QMBD Group Meeting 1/6/2020

This is first introduction to using the toolkit for groundstates and time evolution of finite systems, using DMRG and TEBD, using the Bose-Hubbard model. The idea for this calculation comes from https://arxiv.org/abs/1310.0281.

Preliminaries

In this tutorial, text that is in monospace font is text that will appear in the terminal. Commands that you need to type in will start with a $ sign. In some cases, the expected output will be written as well; this won't start with a $ sign. For example,

$ echo hello
hello

If you are not familiar with the command line shell, then you should try this - type 'echo hello' (then enter), and you should see 'hello' printed in response. You should also keep handy a list of basic commands - there are many available on the internet, for example

https://dev.to/awwsmm/101-bash-commands-and-tips-for-beginners-to-experts-30je#the-basics

https://www.freecodecamp.org/news/basic-linux-commands-bash-tips-you-should-know/

Getting started

Everyone is sharing the same login directory, so firstly you should make a directory for your own use, perhaps using your name.

mkdir <name>
cd <name>

Constructing the lattice file

To get started with a calculation using the Matrix Product Toolkit, the first step is to construct what is known as a lattice file. This is a file that contains a description of the lattice (i.e. the degrees of freedom at each site), as well as associated operators, such as creation/annihilation operators, symmetry transformations, and short-cut operators that we can use to help construct a Hamiltonian. The lattice file is constructed by running a program to generate it (this is a short C++ program that is in the models/ file of the source code repository. If you are curious have a look at the bosehubbard-u1-trap.cpp file to see how it works). The first example that we will look at is the Bose-Hubbard model with a harmonic trap, using {$U(1)$} particle-number symmetry. To generate the lattice file, we need to run the bosehubbard-u1-trap program. We need to supply some parameters, but if we firstly run it without then we will get a help message,

tips The shell allows using the TAB key to automatically complete commands. You can save some typing with b o s TAB u 1 - TAB and it will auto-complete to bosehubbard-u1-trap. If there is no unique completion, then TAB won't print anything -- pressing TAB again will give a list of possible completions. For example, bosehubbard TAB TAB produces a list of several variants of the bosehubbard model.

$ bosehubbard-u1-trap 
Matrix Product Toolkit version (git)
usage: bosehubbard-u1-trap [options]
Allowed options:
  --help                 show this help message
  -N [ --NumBosons ] arg Maximum number of bosons per site [default 5]
  -t [ --trapwidth ] arg Trap width [default 50]
  -o [ --out ] arg       output filename [required]
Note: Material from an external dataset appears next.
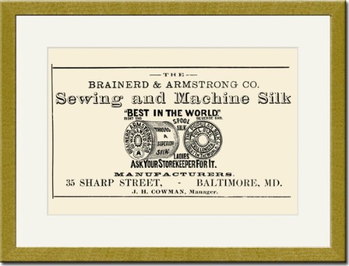 FREE SHIPPING on this item when you purchase 2 or more Framed Art Posters from ClassicPix.com. This high quality art poster is matted and framed by our professional framers, and arrives fully assembled and ready to hang. The durable gold wood frame measures 17x23 inches - poster size is 12x18 inches. A clear plexiglass facing protects your poster and adds a lusterous shine. Posters are printed on heavy-stock, semi-matte paper producing the best possible combination of color vibrancy and durability. All posters from ClassicPix.com are produced and framed on demand one-at-a-time, just for you - not mass-produced. Our personal hands-on processing assures the highest quality. What do our customers say? "The product I received was absolutely stunning. I can not speak highly enough about the quality of this piece of art. I would not hesitate to order from them again!" --- "Item arrived very quickly. Was even better than I'd hoped! Many, many thanks! Beautiful!" Each of our images is available in a variety of sizes and formats, including matted/framed posters and mounted canvas prints. To see all formats available for this image, use the search box above and enter "classicpix: Brainerd & Armstrong Co. Sewing and Machine Silk" (do not include quotation marks). Questions? Feel free to contact us with any question about any of our 100,000+ products. We're here to serve you, and we love hearing from our customers!

Description: U(1) Bose-Hubbard model
Author: IP McCulloch <ianmcc@physics.uq.edu.au>
Operators:
H_J        - nearest-neighbor hopping
H_U        - on-site Coulomb repulsion N*(N-1)/2
H_V        - nearest-neighbour Coulomb repulsion
H_trap     - harmonic trap, n(x)*(x-(L-1)/2)^2

Functions:
(none)

This shows that the only required option is the output filename. The other parameters we can leave as the defaults. The help message also shows some information about the Hamiltonian operators that will be constructed. In this case, there is a hopping term {$b^\dagger_i b_{i+1} + h.c.$}, local and nearest-neighbor Coulomb interactions, and a harmonic trap.

Lets generate the lattice file.

tips If you forget what the lattice file contains, use the mp-lattice-info command (or m p - l TAB to get a detailed description.
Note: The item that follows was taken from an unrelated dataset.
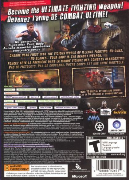 Leveraging the Kinect technology, Fighters Uncaged delivers players an immersive total-body combat experience. Players will be able to create 70 different strikes inspired by martial arts and compete in 21 different fighting environments such as rooftops, dark alleys, gritty city docks and abandoned church. Included are diverse opponents with unique fighting styles, devastating combos with voice-activated super strikes, opportunities to upgrade your character by unlocking new skills and a jump-in multiplayer feature to take your enemies down with your friends.

$ bosehubbard-u1-trap -o lattice

The output file is called lattice. Use the ls command to verify that it exists in the current directory.

$ ls
lattice

Groundstate wavefunction

Now we will obtain the groundstate wavefunction. The default trap width is 50 sites, so we need to construct a wavefunction with the same number of sites. For this tutorial, we will start with a random wavefunction, and use that as input for the DMRG algorithm to obtain the groundstate. To construct the random initial state, we use mp-random

$ mp-random -l lattice -u 50 -q 20 -o psi

The parameters here are -l lattice the lattice file that we previously constructed, -u 50 means construct a 50-site wavefunction (this must be the same as the trap width, otherwise we won't be able to use the trap term in the Hamiltonian), -q 20 sets the quantum numbers of the wavefunction. Since we are using {$U(1)$} particle number symmetry, this represents the number of bosons, so 20 particles in this case. Finally the -o psi is the output wavefunction.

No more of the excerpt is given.